### Assignment
Needed from the data below: every line from the one with "Most students perceived" up to and including the one with "كما قام أ.د.", repeated exactly and with nothing else.

### Dataset records
*** Block opens ***

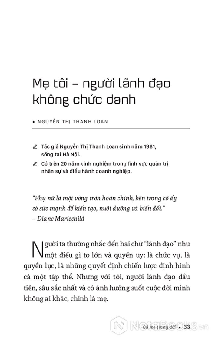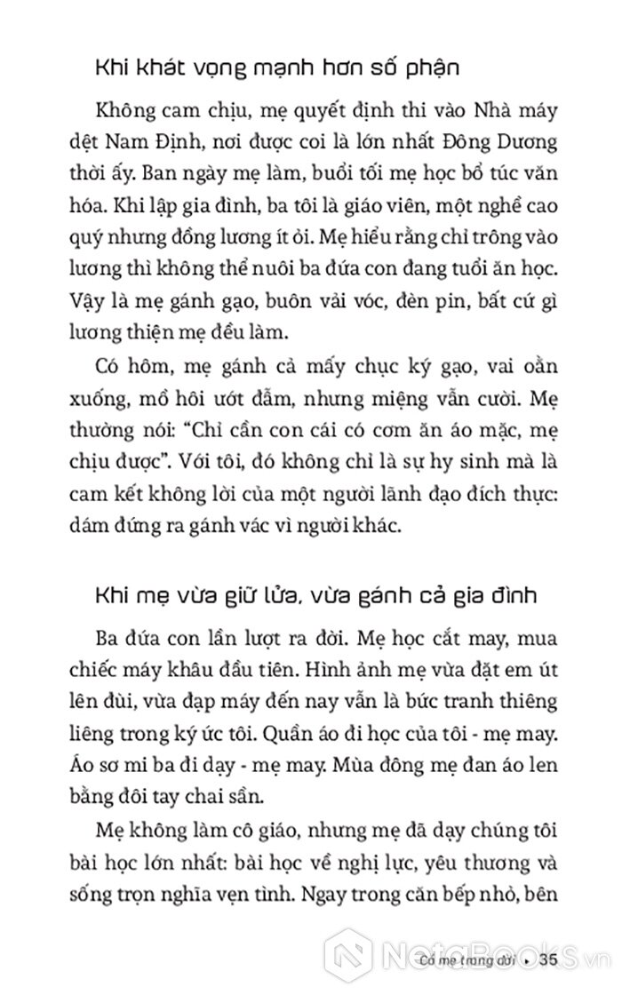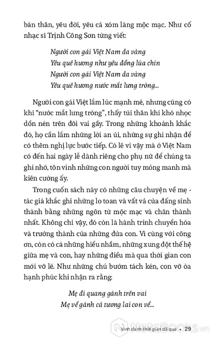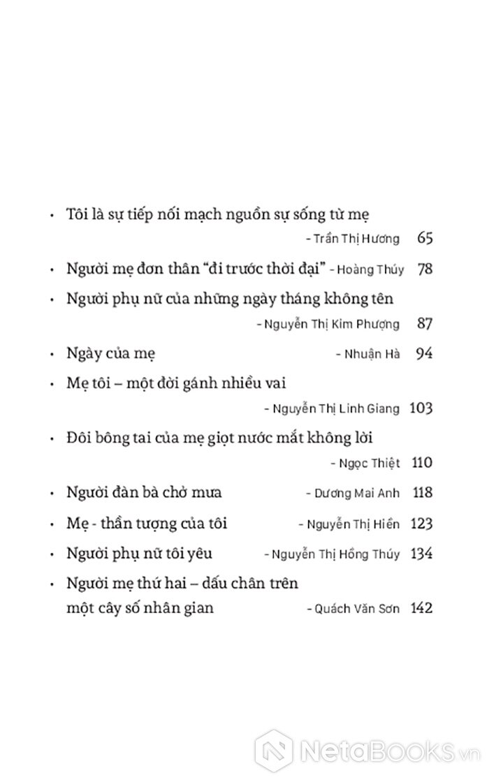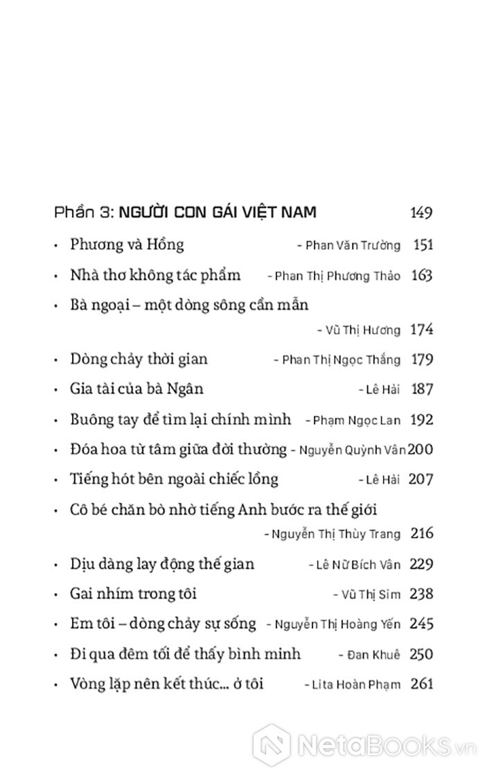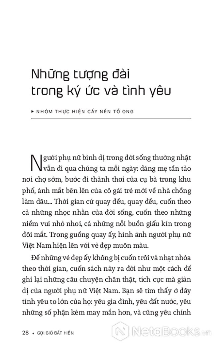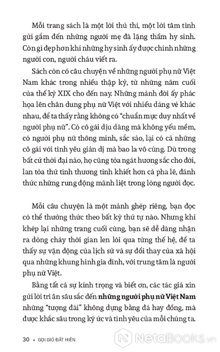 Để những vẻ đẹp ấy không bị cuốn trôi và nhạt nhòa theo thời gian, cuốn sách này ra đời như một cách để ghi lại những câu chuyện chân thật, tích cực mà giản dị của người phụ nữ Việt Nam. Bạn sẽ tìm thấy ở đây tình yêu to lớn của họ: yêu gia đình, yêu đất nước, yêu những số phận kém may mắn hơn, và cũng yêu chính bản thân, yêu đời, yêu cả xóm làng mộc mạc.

*** Block closes ***
*** Block opens ***

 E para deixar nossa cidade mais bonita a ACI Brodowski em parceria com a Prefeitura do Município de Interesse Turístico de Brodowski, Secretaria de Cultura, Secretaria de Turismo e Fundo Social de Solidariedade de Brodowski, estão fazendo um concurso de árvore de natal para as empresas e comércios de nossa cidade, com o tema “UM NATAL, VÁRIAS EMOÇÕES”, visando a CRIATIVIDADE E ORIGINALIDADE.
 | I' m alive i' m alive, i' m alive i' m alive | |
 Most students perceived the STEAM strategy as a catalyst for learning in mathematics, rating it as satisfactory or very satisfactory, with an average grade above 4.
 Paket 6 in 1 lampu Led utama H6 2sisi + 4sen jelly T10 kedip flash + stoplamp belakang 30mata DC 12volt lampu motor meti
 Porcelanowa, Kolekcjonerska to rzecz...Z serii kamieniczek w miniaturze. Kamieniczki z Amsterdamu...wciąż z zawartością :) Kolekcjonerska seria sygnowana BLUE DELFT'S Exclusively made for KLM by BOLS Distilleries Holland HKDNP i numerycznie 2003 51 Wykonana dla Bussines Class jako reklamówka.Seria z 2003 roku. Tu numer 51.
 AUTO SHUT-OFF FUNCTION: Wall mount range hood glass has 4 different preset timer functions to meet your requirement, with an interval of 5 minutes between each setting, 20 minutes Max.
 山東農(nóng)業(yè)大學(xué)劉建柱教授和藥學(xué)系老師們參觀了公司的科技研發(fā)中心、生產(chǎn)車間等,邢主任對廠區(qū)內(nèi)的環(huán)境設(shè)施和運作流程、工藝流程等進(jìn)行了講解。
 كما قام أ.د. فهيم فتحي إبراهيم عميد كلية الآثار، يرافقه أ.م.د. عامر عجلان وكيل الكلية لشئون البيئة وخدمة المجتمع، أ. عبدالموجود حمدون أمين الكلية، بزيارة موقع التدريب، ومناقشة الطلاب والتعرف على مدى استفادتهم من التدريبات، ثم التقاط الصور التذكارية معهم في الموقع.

*** Block closes ***
*** Block opens ***

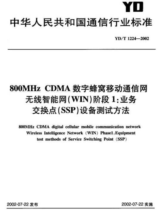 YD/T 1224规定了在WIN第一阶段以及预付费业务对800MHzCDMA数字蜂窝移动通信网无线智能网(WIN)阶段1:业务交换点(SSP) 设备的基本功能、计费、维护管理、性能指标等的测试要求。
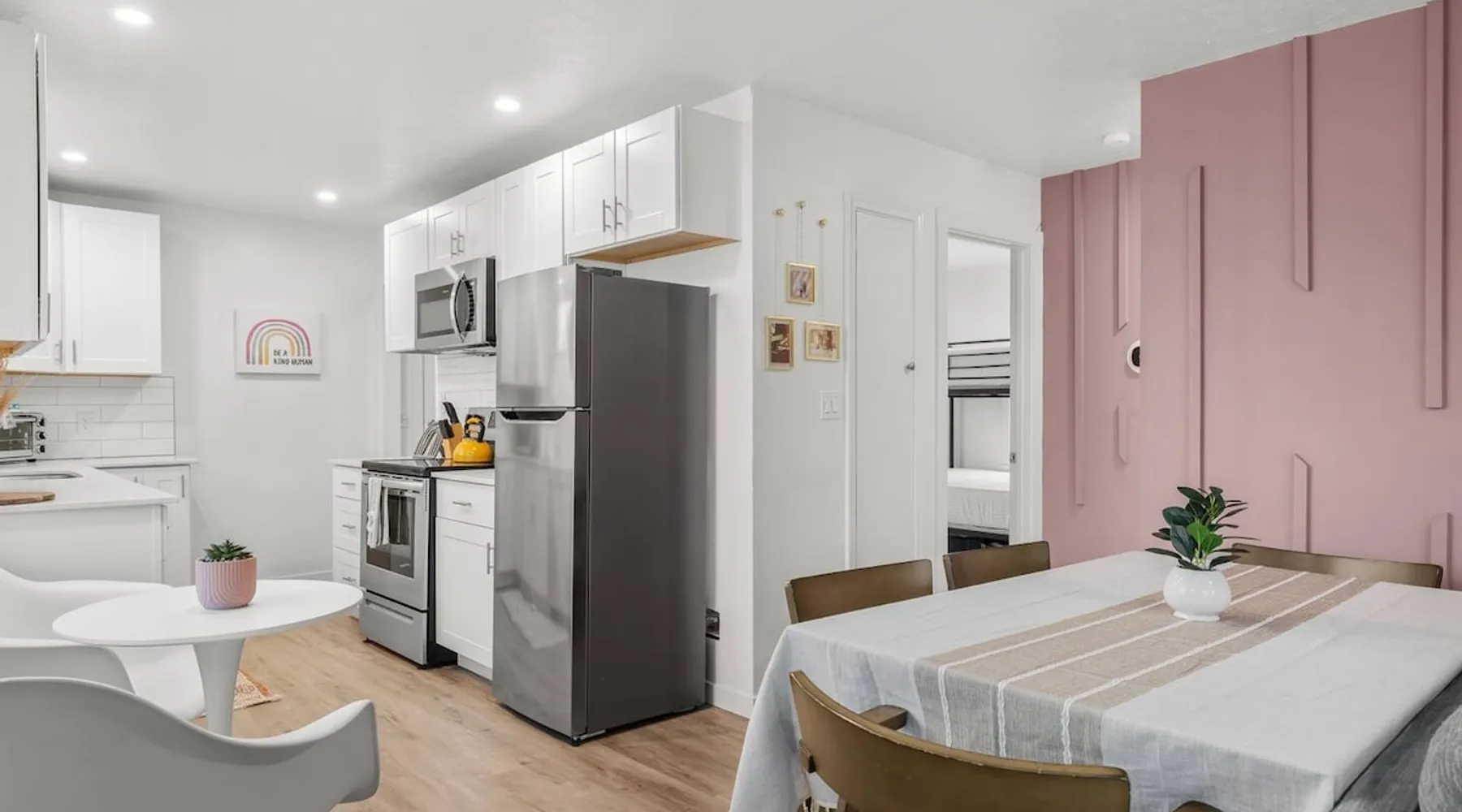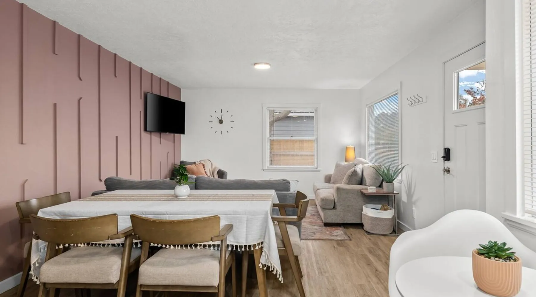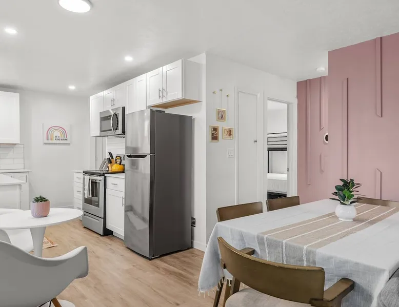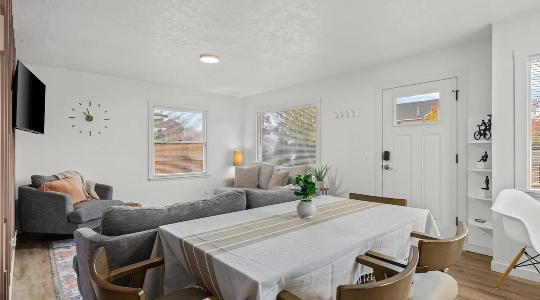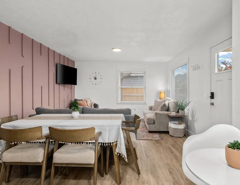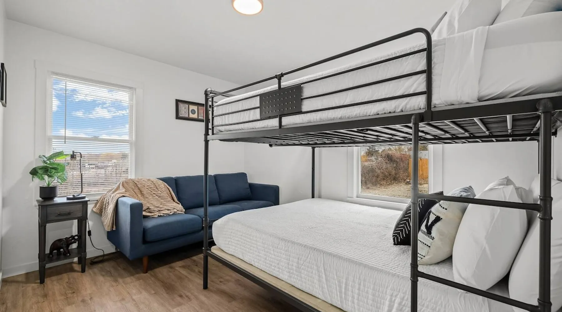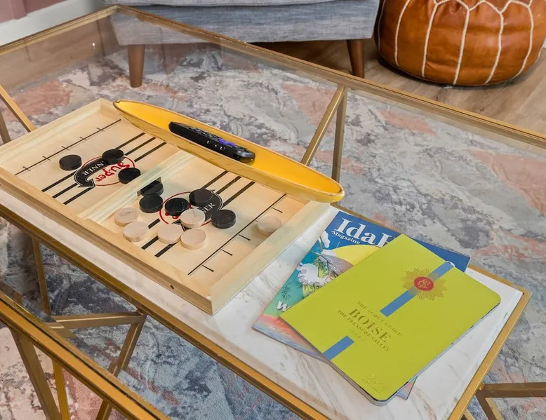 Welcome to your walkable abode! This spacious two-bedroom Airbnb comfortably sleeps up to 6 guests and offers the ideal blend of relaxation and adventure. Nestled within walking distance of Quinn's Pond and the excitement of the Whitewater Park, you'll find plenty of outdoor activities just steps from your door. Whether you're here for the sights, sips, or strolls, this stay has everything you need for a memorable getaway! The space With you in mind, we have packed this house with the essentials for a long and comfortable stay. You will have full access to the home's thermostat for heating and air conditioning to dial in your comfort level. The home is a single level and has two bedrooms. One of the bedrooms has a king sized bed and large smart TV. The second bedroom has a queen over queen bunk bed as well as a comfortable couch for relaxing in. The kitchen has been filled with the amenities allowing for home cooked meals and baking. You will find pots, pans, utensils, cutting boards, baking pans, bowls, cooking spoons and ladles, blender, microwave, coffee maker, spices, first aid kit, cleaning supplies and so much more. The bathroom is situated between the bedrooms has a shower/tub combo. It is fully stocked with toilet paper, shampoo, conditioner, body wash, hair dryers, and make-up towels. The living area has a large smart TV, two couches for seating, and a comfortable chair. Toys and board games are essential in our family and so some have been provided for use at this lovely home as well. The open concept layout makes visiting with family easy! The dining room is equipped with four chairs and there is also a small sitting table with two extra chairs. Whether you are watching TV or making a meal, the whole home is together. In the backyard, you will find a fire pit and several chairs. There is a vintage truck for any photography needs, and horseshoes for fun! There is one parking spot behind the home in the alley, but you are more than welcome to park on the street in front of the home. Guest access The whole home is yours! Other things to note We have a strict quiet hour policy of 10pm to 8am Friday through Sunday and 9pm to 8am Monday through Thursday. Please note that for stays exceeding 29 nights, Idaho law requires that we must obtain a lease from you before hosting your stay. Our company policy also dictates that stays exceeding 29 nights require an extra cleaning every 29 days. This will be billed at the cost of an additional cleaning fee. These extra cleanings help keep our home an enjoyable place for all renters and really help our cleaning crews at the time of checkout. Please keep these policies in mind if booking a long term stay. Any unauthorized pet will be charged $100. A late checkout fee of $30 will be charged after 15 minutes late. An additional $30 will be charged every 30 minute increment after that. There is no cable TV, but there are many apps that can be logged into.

*** Block closes ***

### Written response
 Most students perceived the STEAM strategy as a catalyst for learning in mathematics, rating it as satisfactory or very satisfactory, with an average grade above 4.
 Paket 6 in 1 lampu Led utama H6 2sisi + 4sen jelly T10 kedip flash + stoplamp belakang 30mata DC 12volt lampu motor meti
 Porcelanowa, Kolekcjonerska to rzecz...Z serii kamieniczek w miniaturze. Kamieniczki z Amsterdamu...wciąż z zawartością :) Kolekcjonerska seria sygnowana BLUE DELFT'S Exclusively made for KLM by BOLS Distilleries Holland HKDNP i numerycznie 2003 51 Wykonana dla Bussines Class jako reklamówka.Seria z 2003 roku. Tu numer 51.
 AUTO SHUT-OFF FUNCTION: Wall mount range hood glass has 4 different preset timer functions to meet your requirement, with an interval of 5 minutes between each setting, 20 minutes Max.
 山東農(nóng)業(yè)大學(xué)劉建柱教授和藥學(xué)系老師們參觀了公司的科技研發(fā)中心、生產(chǎn)車間等,邢主任對廠區(qū)內(nèi)的環(huán)境設(shè)施和運作流程、工藝流程等進(jìn)行了講解。
 كما قام أ.د. فهيم فتحي إبراهيم عميد كلية الآثار، يرافقه أ.م.د. عامر عجلان وكيل الكلية لشئون البيئة وخدمة المجتمع، أ. عبدالموجود حمدون أمين الكلية، بزيارة موقع التدريب، ومناقشة الطلاب والتعرف على مدى استفادتهم من التدريبات، ثم التقاط الصور التذكارية معهم في الموقع.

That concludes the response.